New tool offers development practitioners opportunity to measure resilience and report impact

Parklands in Niger. By increasing farmers’ incomes, agroforestry can help farmers adapt to climate change. Photo by ICRAF
Implicit in all development work is the quest for impact. Positively influencing livelihoods, landscapes and ecosystems is the goal of our work. Effecting such changes is known to require long-term, collaborative efforts, yet many development interventions take place within limited timeframes and scopes.
This is where many development practitioners are faced with a conundrum: how to measure results, and satisfy donors’ and funders’ demand for impact reporting, when the typical three-year development project has long expired by the time impacts emerge?

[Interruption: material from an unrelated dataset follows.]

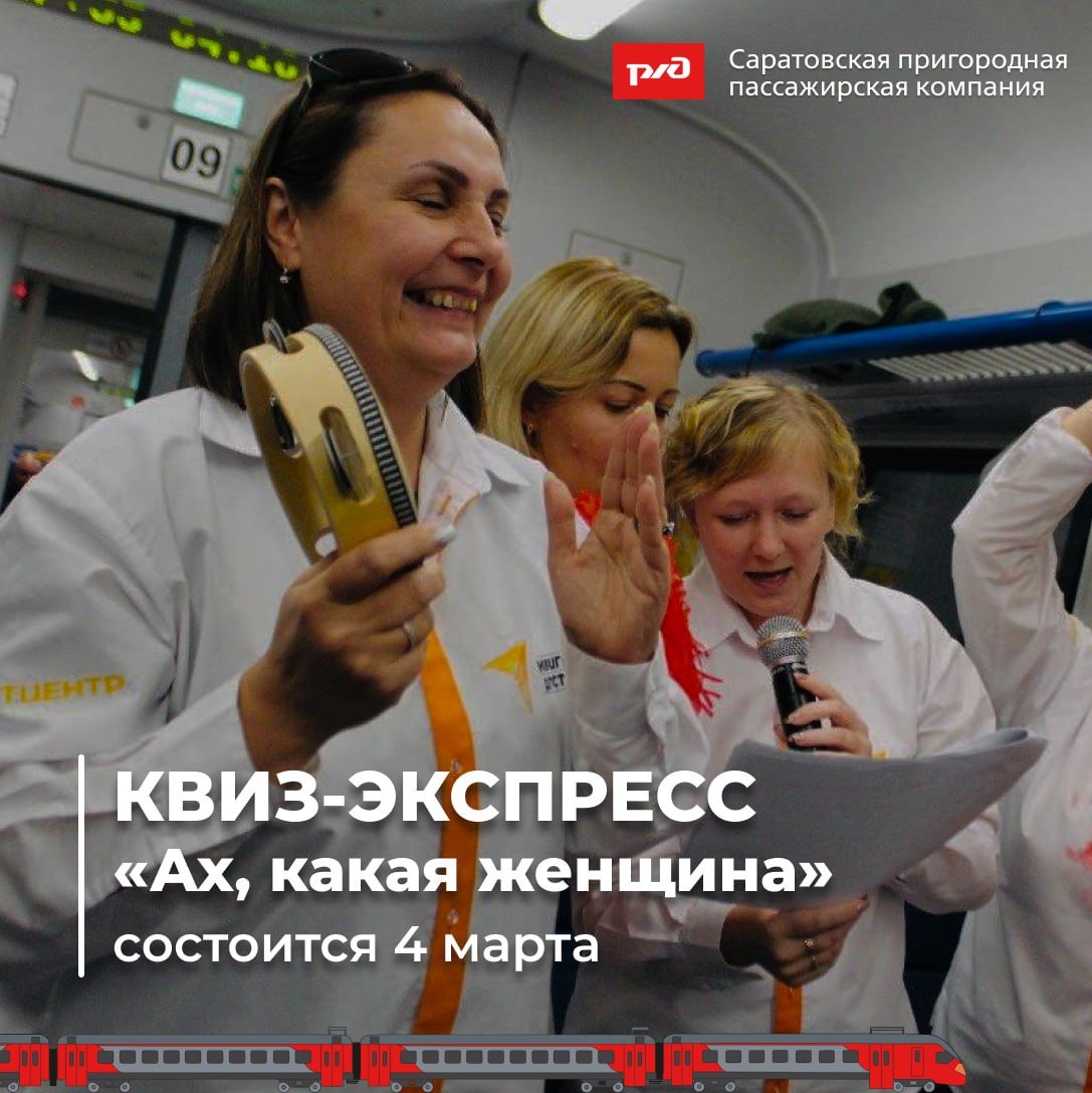 !😍💐 Самый долгожданный квиз от Саратовской электрички и модельной библиотеки № 9 и весеннее, романтичное, яркое настроение отправляется в путь 4 марта 2026 года, в преддверии празднования Международного женского дня. 💯 Участие в квизе - это отличный способ провести время с семьёй или друзьями, размять мозги и получить новые позитивные эмоции! Каждая команда-участник будет награждена памятным сертификатом, а победители – дипломами и памятными призами от АО «Саратовская ППК». 🚆 Со станции Саратов-1 пригородный поезд № 6003 отправится в 09:12 и вернётся на саратовский вокзал в 12:02. ▶️ Стоимость участия в квизе «Квиз-экспресс»: взрослые - 252 рубля, школьники и студенты (при предъявлении ЛТК) - 126 рублей, дети до 7 лет - бесплатно. Количество участников в команде – до 6 человек. 🎶 Наш экспресс ждет только Вас! Встретим весну ярко и музыкально! *** Бронирование пн.-пт. С 8:00 до 17:00 по телефонам: 89271380044 – Анастасия, 89279198082 – Светлана, 89271677525 - Алина.

A group of researchers from the CGIAR Research Program on Water, Land and Ecosystems; the CGIAR Research Program on Climate Change, Agriculture and Food Security; and the CGIAR Research Program on Forests, Trees and Agroforestry set out to develop a tool that would allow for measuring results as far along the chain of change as possible, but that wouldn’t place significant additional monitoring or administrative burdens on the project manager.
Measuring resilience
They explored the concept of resilience in the context of agriculture, making the basic assumption that an improvement in ecosystem resilience equals impact and will ultimately yield an improvement in human well-being. The result is a recently published tool, which enables implementers of development interventions to track and monitor any changes in resilience.